What you should do - The copy you print must match the listing exactly, with its pictures removed.

Supplied records -

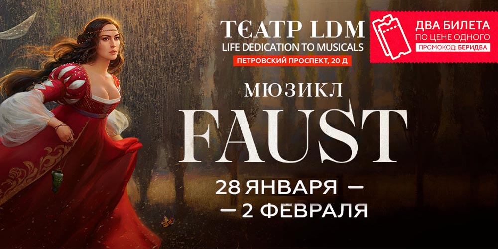Два билета по цене одного в ЛДМ на мюзикл «Фауст. Пари дьявола» 28 января - 2 февраля 2025 по промокоду «БЕРИДВА»
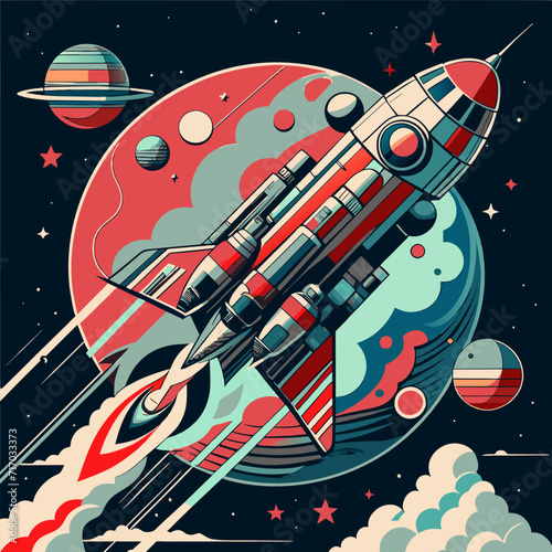 The watermark will not be included on Sticker.: Abstract space drawing with a rocket flying past the planets - eps file -
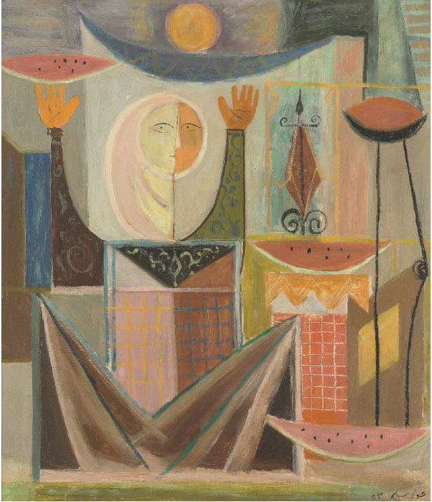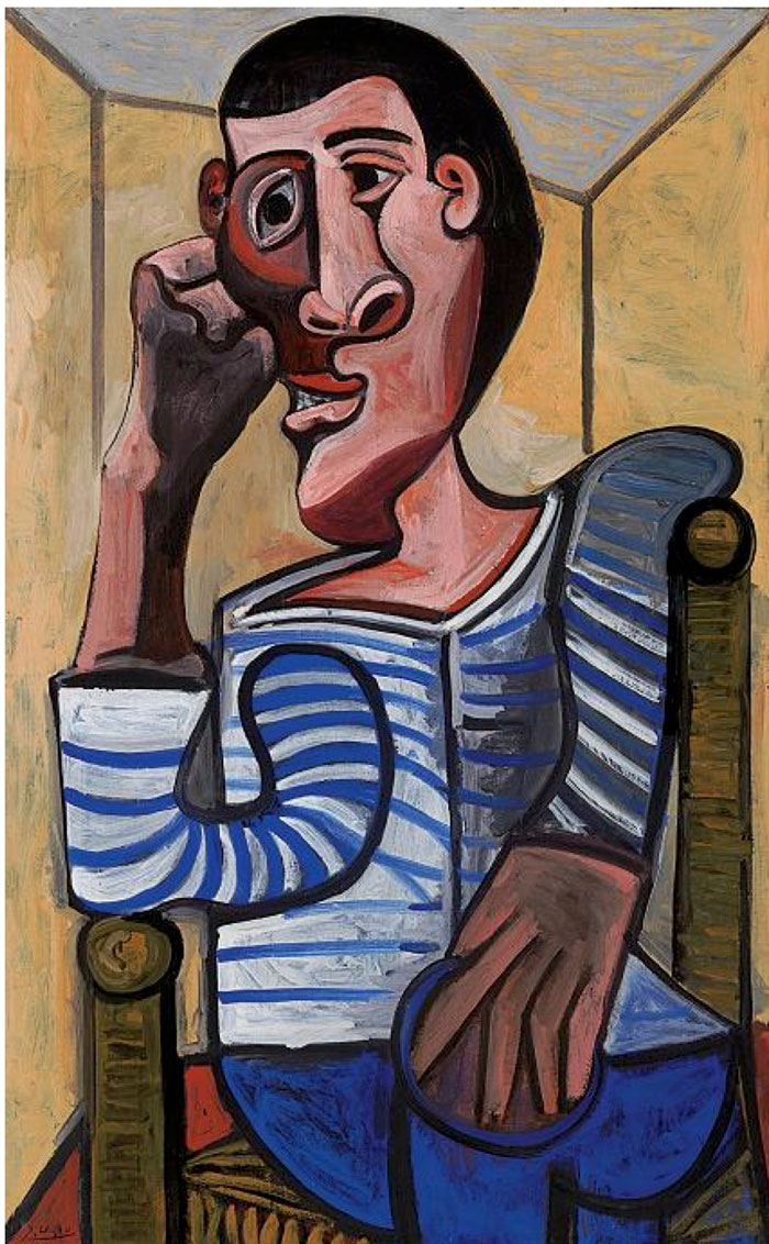 Placed against two jagged lines, Picasso’s painting of a white human head and a vase filled with leaves is estimated
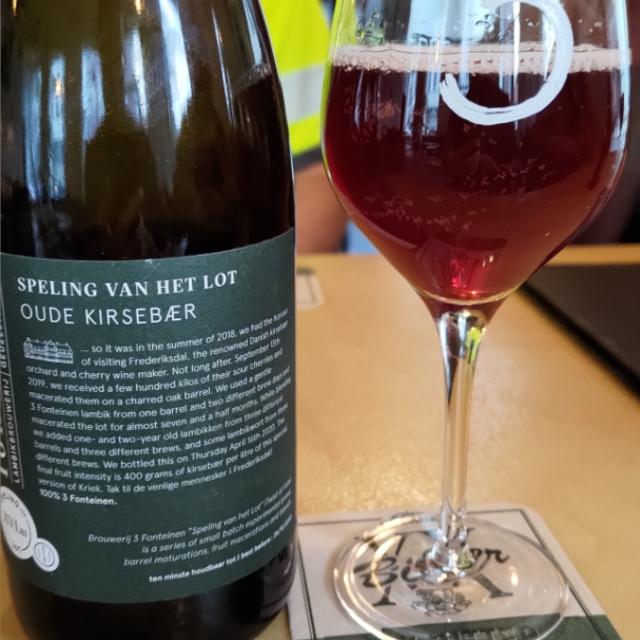 it was in the summer of 2018, we had the honour of visiting Frederiksdal, the renowned Danish kirsebaer orchard and cherry wine maker. Not long after, September 13th 2019, we received a few hundred kilos of their sour cherries and macerated them on a charred oak barrel. We used a gentle 3 Fonteinen lambik from one barrel and two different brew days and macerated the lot for almost seven and a half months. While blending, we added one- and two-year old lambikken from three different barrels and three different brews, and some lambikwort from three different brews.
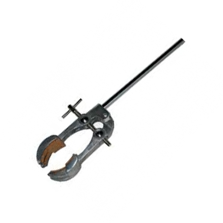 For beaker upto 5 ltr. casted alloy with other plated parts, with covered jaws, opening up to 8cms. The horizontal rod is offset so that large vessels are secured in line with the axis of the vertical support rod.
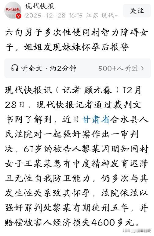 甘肃庆阳,36岁的女子搭乘61岁男子的顺风车,本来是平常的出行,可这男子在途中察觉女子精神不正常、智力低下后,不但没有心生怜悯,反而起了坏心思,动了欺负她的念头。这还不算完,之后这男子更是多次趁女子家里没人的时候,偷偷潜入她家,竟六次与她发生关系,最终导致女子怀孕。直到女子的姐姐发现女子肚子变大,这才赶紧报了警。而法院给出的判决结果,着实让人意外。 (信息来源:现代快报) 去年八月,36岁的王某要回家,就搭了61岁黎某的顺风车。这一路上,两人就聊起来了。黎某这人,心思不正,聊着聊着就发现王某有点不对劲,精神看着不正常,说话做事也透着智力低下的样子。 要是换做正常人,遇到这种情况,肯定会多照顾照顾,可黎某不但没有一点怜悯之心,心里反而起了坏念头,想着要欺负王某。 从那之后,黎某就像被恶魔附身了一样,一直惦记着这事儿。到了2025年,3月18号这天,黎某瞅准机会,趁着王某家里没人,偷偷摸摸地就潜进了王某家。 王某因为精神有问题,根本不知道危险已经降临,对黎某也没有任何防备。黎某看到王某那毫无防备的样子,更加肆无忌惮,强行和王某发生了关系。 有了第一次,黎某就更胆大了。在接下来的日子里,他就像着了魔一样,一次又一次地趁着王某家没人的时候潜进去。 从3月18号到7月28号,短短几个月的时间,他竟然六次潜入王某家,和王某发生关系。 王某因为精神发育迟滞,根本不懂得反抗,也不知道这是对她极大的伤害,只能任由黎某胡来。 时间一天天过去,王某的身体开始出现了变化。到了8月初,王某的姐姐来看她,这一看可把姐姐吓坏了。只见王某的肚子高高隆起,就像怀了孕一样。 姐姐又惊又怒,她怎么也没想到,妹妹竟然遭遇了这样的事情。姐姐赶紧问王某到底是怎么回事,可王某精神不正常,也说不清楚。姐姐心里明白,妹妹肯定是被人欺负了,于是毫不犹豫地报了警。 警方接到报警后,非常重视,立刻展开了调查。通过一系列的侦查工作,很快就锁定了嫌疑人黎某。8月12号,警方迅速出击,将黎某成功抓获。 被抓后的黎某,一开始还想抵赖,可在铁证面前,他不得不承认了自己的罪行。 而此时的王某,因为怀孕时间太长,身体已经受到了很大的伤害,为了她的健康着想,8月13号,王某在医院做了流产手术。 这黎某的行为实在是太恶劣了,他明明知道王某精神不正常、智力低下,没有自我保护的能力,还多次对她进行侵犯,简直就是丧心病狂。 王某本来就已经很不幸了,患有中度精神发育迟滞,生活上就需要别人的照顾和帮助,可黎某却在她最无助的时候,给她带来了更大的伤害。 王某的姐姐看着妹妹遭受这样的痛苦,心里别提多难受了。她一直自责自己没有早点发现妹妹的异常,没有保护好妹妹。 她希望法律能够严惩黎某,让妹妹得到应有的公道。周围的人知道这件事后,也都对黎某的行为感到愤怒,纷纷指责他不是人,连一个精神有问题的人都欺负。 王某虽然不懂发生了什么,但能感觉到自己身体的不舒服,常常一个人坐在那里发呆。姐姐看在眼里,疼在心里,只能尽量多陪陪她,给她一些安慰。 根据《刑法》第二百三十六条规定,以暴力、胁迫或者其他手段强奸妇女的,处三年以上十年以下有期徒刑。奸淫不满十四周岁的幼女的,以强奸论,从重处罚。强奸妇女、奸淫幼女,有下列情形之一的,处十年以上有期徒刑、无期徒刑或者死刑:(一)强奸妇女、奸淫幼女情节恶劣的;(二)强奸妇女、奸淫幼女多人的;(三)在公共场所当众强奸妇女、奸淫幼女的;(四)二人以上轮奸的;(五)奸淫不满十周岁的幼女或者造成幼女伤害的;(六)致使被害人重伤、死亡或者造成其他严重后果的。 黎某明知王某有中度精神发育迟滞,无性防卫能力,这和奸淫幼女在本质上没啥区别,都属于被害人没有自我保护能力的情况。 他还多次对王某进行侵犯,这情节那是相当恶劣。虽然他有坦白、认罪认罚的情节,但这并不能减轻他罪行的严重性。 最终法院认为,黎某明知王某有中度精神发育迟滞,无性防卫能力,还多次对她进行侵犯,其行为已经构成了强奸罪。 而且他的行为还导致王某流产,给王某的身体和经济都造成了损失,应该进行赔偿。 虽然黎某有坦白、认罪认罚的情节,但他的罪行实在太严重,不可饶恕。 最终,法院以强奸罪判处黎某有期徒刑五年,同时赔偿王某4600多元。

Result of the exercise -
Два билета по цене одного в ЛДМ на мюзикл «Фауст. Пари дьявола» 28 января - 2 февраля 2025 по промокоду «БЕРИДВА»
 The watermark will not be included on Sticker.: Abstract space drawing with a rocket flying past the planets - eps file -
 Placed against two jagged lines, Picasso’s painting of a white human head and a vase filled with leaves is estimated
 it was in the summer of 2018, we had the honour of visiting Frederiksdal, the renowned Danish kirsebaer orchard and cherry wine maker. Not long after, September 13th 2019, we received a few hundred kilos of their sour cherries and macerated them on a charred oak barrel. We used a gentle 3 Fonteinen lambik from one barrel and two different brew days and macerated the lot for almost seven and a half months. While blending, we added one- and two-year old lambikken from three different barrels and three different brews, and some lambikwort from three different brews.
 For beaker upto 5 ltr. casted alloy with other plated parts, with covered jaws, opening up to 8cms. The horizontal rod is offset so that large vessels are secured in line with the axis of the vertical support rod.
 甘肃庆阳,36岁的女子搭乘61岁男子的顺风车,本来是平常的出行,可这男子在途中察觉女子精神不正常、智力低下后,不但没有心生怜悯,反而起了坏心思,动了欺负她的念头。这还不算完,之后这男子更是多次趁女子家里没人的时候,偷偷潜入她家,竟六次与她发生关系,最终导致女子怀孕。直到女子的姐姐发现女子肚子变大,这才赶紧报了警。而法院给出的判决结果,着实让人意外。 (信息来源:现代快报) 去年八月,36岁的王某要回家,就搭了61岁黎某的顺风车。这一路上,两人就聊起来了。黎某这人,心思不正,聊着聊着就发现王某有点不对劲,精神看着不正常,说话做事也透着智力低下的样子。 要是换做正常人,遇到这种情况,肯定会多照顾照顾,可黎某不但没有一点怜悯之心,心里反而起了坏念头,想着要欺负王某。 从那之后,黎某就像被恶魔附身了一样,一直惦记着这事儿。到了2025年,3月18号这天,黎某瞅准机会,趁着王某家里没人,偷偷摸摸地就潜进了王某家。 王某因为精神有问题,根本不知道危险已经降临,对黎某也没有任何防备。黎某看到王某那毫无防备的样子,更加肆无忌惮,强行和王某发生了关系。 有了第一次,黎某就更胆大了。在接下来的日子里,他就像着了魔一样,一次又一次地趁着王某家没人的时候潜进去。 从3月18号到7月28号,短短几个月的时间,他竟然六次潜入王某家,和王某发生关系。 王某因为精神发育迟滞,根本不懂得反抗,也不知道这是对她极大的伤害,只能任由黎某胡来。 时间一天天过去,王某的身体开始出现了变化。到了8月初,王某的姐姐来看她,这一看可把姐姐吓坏了。只见王某的肚子高高隆起,就像怀了孕一样。 姐姐又惊又怒,她怎么也没想到,妹妹竟然遭遇了这样的事情。姐姐赶紧问王某到底是怎么回事,可王某精神不正常,也说不清楚。姐姐心里明白,妹妹肯定是被人欺负了,于是毫不犹豫地报了警。 警方接到报警后,非常重视,立刻展开了调查。通过一系列的侦查工作,很快就锁定了嫌疑人黎某。8月12号,警方迅速出击,将黎某成功抓获。 被抓后的黎某,一开始还想抵赖,可在铁证面前,他不得不承认了自己的罪行。 而此时的王某,因为怀孕时间太长,身体已经受到了很大的伤害,为了她的健康着想,8月13号,王某在医院做了流产手术。 这黎某的行为实在是太恶劣了,他明明知道王某精神不正常、智力低下,没有自我保护的能力,还多次对她进行侵犯,简直就是丧心病狂。 王某本来就已经很不幸了,患有中度精神发育迟滞,生活上就需要别人的照顾和帮助,可黎某却在她最无助的时候,给她带来了更大的伤害。 王某的姐姐看着妹妹遭受这样的痛苦,心里别提多难受了。她一直自责自己没有早点发现妹妹的异常,没有保护好妹妹。 她希望法律能够严惩黎某,让妹妹得到应有的公道。周围的人知道这件事后,也都对黎某的行为感到愤怒,纷纷指责他不是人,连一个精神有问题的人都欺负。 王某虽然不懂发生了什么,但能感觉到自己身体的不舒服,常常一个人坐在那里发呆。姐姐看在眼里,疼在心里,只能尽量多陪陪她,给她一些安慰。 根据《刑法》第二百三十六条规定,以暴力、胁迫或者其他手段强奸妇女的,处三年以上十年以下有期徒刑。奸淫不满十四周岁的幼女的,以强奸论,从重处罚。强奸妇女、奸淫幼女,有下列情形之一的,处十年以上有期徒刑、无期徒刑或者死刑:(一)强奸妇女、奸淫幼女情节恶劣的;(二)强奸妇女、奸淫幼女多人的;(三)在公共场所当众强奸妇女、奸淫幼女的;(四)二人以上轮奸的;(五)奸淫不满十周岁的幼女或者造成幼女伤害的;(六)致使被害人重伤、死亡或者造成其他严重后果的。 黎某明知王某有中度精神发育迟滞,无性防卫能力,这和奸淫幼女在本质上没啥区别,都属于被害人没有自我保护能力的情况。 他还多次对王某进行侵犯,这情节那是相当恶劣。虽然他有坦白、认罪认罚的情节,但这并不能减轻他罪行的严重性。 最终法院认为,黎某明知王某有中度精神发育迟滞,无性防卫能力,还多次对她进行侵犯,其行为已经构成了强奸罪。 而且他的行为还导致王某流产,给王某的身体和经济都造成了损失,应该进行赔偿。 虽然黎某有坦白、认罪认罚的情节,但他的罪行实在太严重,不可饶恕。 最终,法院以强奸罪判处黎某有期徒刑五年,同时赔偿王某4600多元。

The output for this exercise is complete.